BOGOR - PT Kereta Api Indonesia (Persero) atau KAI mengusulkan pengembangan jalur lingkar Bogor sebagai solusi strategis untuk mengantisipasi peningkatan mobilitas masyarakat di wilayah Bogor dan sekitarnya.

Rencana ini disampaikan oleh Direktur Utama KAI, Bobby Rasyidin, dalam pertemuan dengan Wali Kota Bogor, Dedie A. Rachim, di Balai Kota Bogor pada Kamis (20/8/2026).

Jalur lingkar Bogor yang diusulkan akan berfungsi sebagai alternatif penghubung wilayah Depok, Kota Bogor, dan Kabupaten Bogor, melengkapi jalur Bogor Line yang saat ini telah beroperasi.

Bobby Rasyidin menjelaskan bahwa kepadatan perjalanan kereta pada lintas Manggarai hingga Bogor saat ini sudah sangat tinggi, mencapai interval empat menit antar kereta. Kondisi ini membuat penambahan frekuensi perjalanan menjadi sangat sulit.

"Padatnya jalur Manggarai hingga Bogor saat ini hampir mustahil disisipkan dengan jadwal tambahan, karena jarak antarkereta hanya sekitar empat menit sekali," ujar Bobby.

Rencana pengembangan jalur lingkar Bogor ini mencakup wilayah Kota Bogor, Sentul, Cibinong, hingga Parung dan sekitarnya. Saat ini, rencana tersebut masih dalam tahap kajian mendalam.

"Jalur Lingkar Bogor ini sedang kami kaji untuk mengantisipasi naiknya kepadatan penumpang saat ini maupun ke depan," tambahnya.

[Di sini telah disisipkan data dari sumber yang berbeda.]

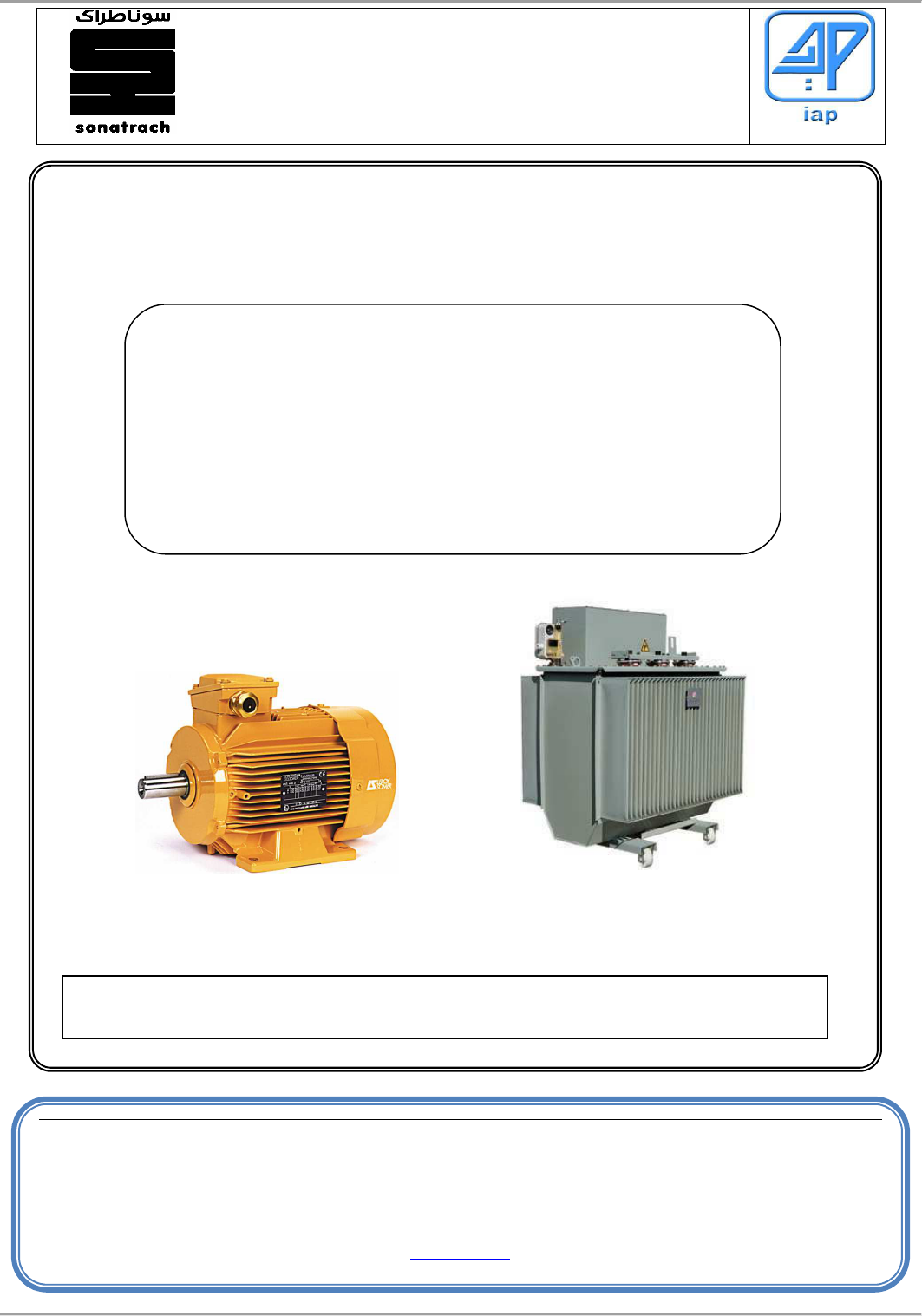 Machines à courant alternatif ECOLE DE SKIKDA Département Génie Electrique & Instrumentation لو����� ي� ا� �ا �����ا INSTITUT ALGERIEN DU PETROLE MACHINES A COURANT ALTERNATIF Entreprise Nationale Sonatrach, Institut Algérien du Pétrole, IAP. Avenue du 1er novembre, Boumerdès 35000, Algérie. Ecole de Skikda les Platanes Filfila, 21101. : Site web. .00.0038 92)213: ( Fax–.46 .9238 92) 213: (Teldz.iap.www://http: mail- E dz.iap@iap Préparé par Mr : METATLA Rachid Machines à courant alternatif 1-Les circuits monophasés et triphasés ………………………………………….........…..… 1 1-1 Les circuits électriques.................................................................................. 1 1-1-1 Introduction ………………………………………………………………………… 1 1-2 Généralités sur les circuits monophasés ………………………………………... 2 1-2-1 Définitions et caractéristiques ………………………………………………... 2 1-2-2 Représentation vectorielle de Fresnel ……………………………………….. 4 1-2-3 Puissance active ………………………………………………………………….. 8 1-2-4 Puissance réactive …..…………………………………………………………… 9 1-2-5 Puissance apparente …………………………………………………………….. 10 1-2-6 facteur de puissance d’une installation monophasée ……………………… 12 1-3 Généralités sur les circuits triphasés …………………………………………… 13 1-3-1 Définitions et caractéristiques ………………………………………………… 13 1-3-2 Réseaux triphasés ………………………………………………………………... 14 1-3-3 Représentation de Fresnel des tensions …………………………………… 14 1-3-4 Relation entre tension simple et tension composée ………………………. 15 1-3-5 Récepteurs triphasés …………………………………………………………… 16 1-3-6 Système triphasé équilibré ……………………………………………………… 17 1-3-7 Système triphasé déséquilibré ………………………………………………… 18 1-3-8 Puissance dans un système triphasé ………………………………………… 19 1-3-9 Puissance active ………………………………………………………………….. 20 1-3-10 Puissance réactive ……………………………………………………………… 21 1-3-11 Puissance apparente …………………………………………………………… 22 1-3-12 Puissance dissipée ……………………………………………………………... 23 1-3-13 Facteur de puissance …………………………………………………………... 24 2-Généralités sur les machines électriques …………………………………… 26 2-1 Classification des machines électriques ………………………………………… 26 2-2 Constitution d’une machine électrique ………………………………………….. 26 2-3 Circulation du flux d’induction ……………………………………………………. 27 2-3-1 Définition …………………………………………………………………………… 27 2-3-2 Production du flux par les pôles saillants …………………………………… 27 2-3-3 Production du flux par les pôles lisses ……………………………………… 28 2-3-4 Répartition du flux dans l’entrefer …………………………………………… 28 2-3-5 Fuites magnétiques ……………………………………………………………… 29 2-4 Induction dans l’entrefer …………………………………………………………… 29 2-4-1 Nombre de pôles d’un enroulement à courant alternatif ………………… 29 2-4-2 Forme de l’induction dans l’entrefer ………………………………………… 31 2-4-3 Théorème de Maurice Leblanc ………………………………………………… 32 2-4-4 Flux tournant circulaire ………………………………………………………… 33 2-5 Flux utile en fonction de la FMM ………………………………………………… 34 2-5-1 Cas des FMM continues ………………………………………………………… 35 Machines à courant alternatif 2-5-2 Cas des FMM alternatives ……………………………………………………… 35 3-Les transformateurs monophasés ……………………………………………………………… 35 3.1 Rôle d'un transformateur ……………………………………………………………. 35 3.2 Transport de l'énergie électrique …………………………………………………. 35 3-3 Le principe d'un transformateur ………………………………………………….. 36 3-3-1 Constitution ………………………………………………………………………... 36 3-4 Transformateur parfait …………………………………………………………… 38 3-4-1 Etude à vide ……………………………………………………………………….. 39 3-4-2 Etude en charge …………………………………………………………………. 40 3-5 Comparaison avec le transformateur réel ……………………………………… 41 3-6 Schémas équivalents ………………………………………………………………... 42 3-7 Rendement …………………………………………………………………………….. 43 3-7-1 Pertes dans le fer ………………………………………………………………… 44 3-7-2 Pertes dans le cuivre ………………………………………………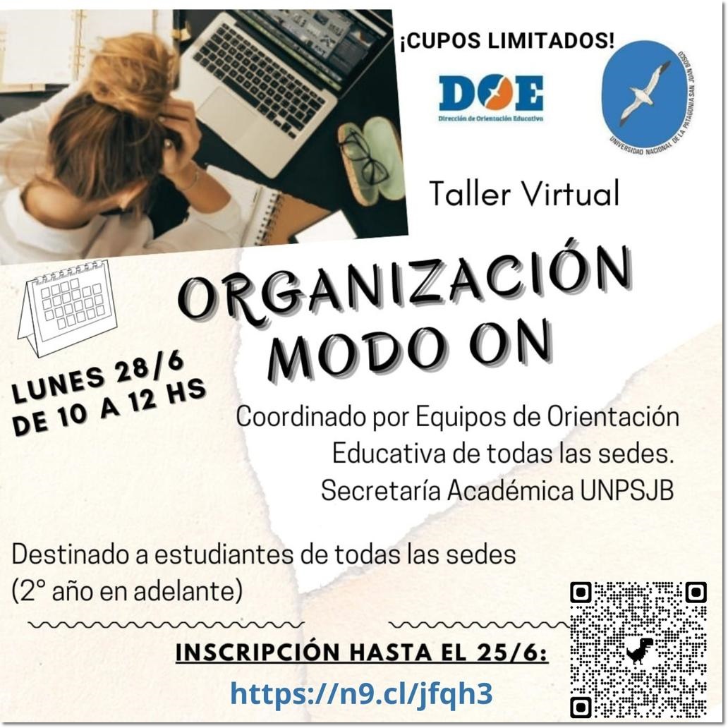 La Dirección de Orientación Educativa, dependiente de la Secretaría Académica de la Universidad Nacional de la Patagonia San Juan Bosco, en trabajo articulado con la Dirección Académica de la Delegación Zonal Sede Trelew y Orientación Educativa de la Delegación Zonal Sede Esquel, invitan al Taller Organización Modo ON...

Pengembangan jaringan transportasi kereta api ini merupakan bagian dari upaya KAI untuk meningkatkan kualitas layanan dan menyediakan pilihan mobilitas yang lebih baik bagi masyarakat di kawasan Bogor Raya.

Menanggapi usulan tersebut, Wali Kota Bogor, Dedie A. Rachim, menyambut baik rencana kajian jalur lingkar Bogor.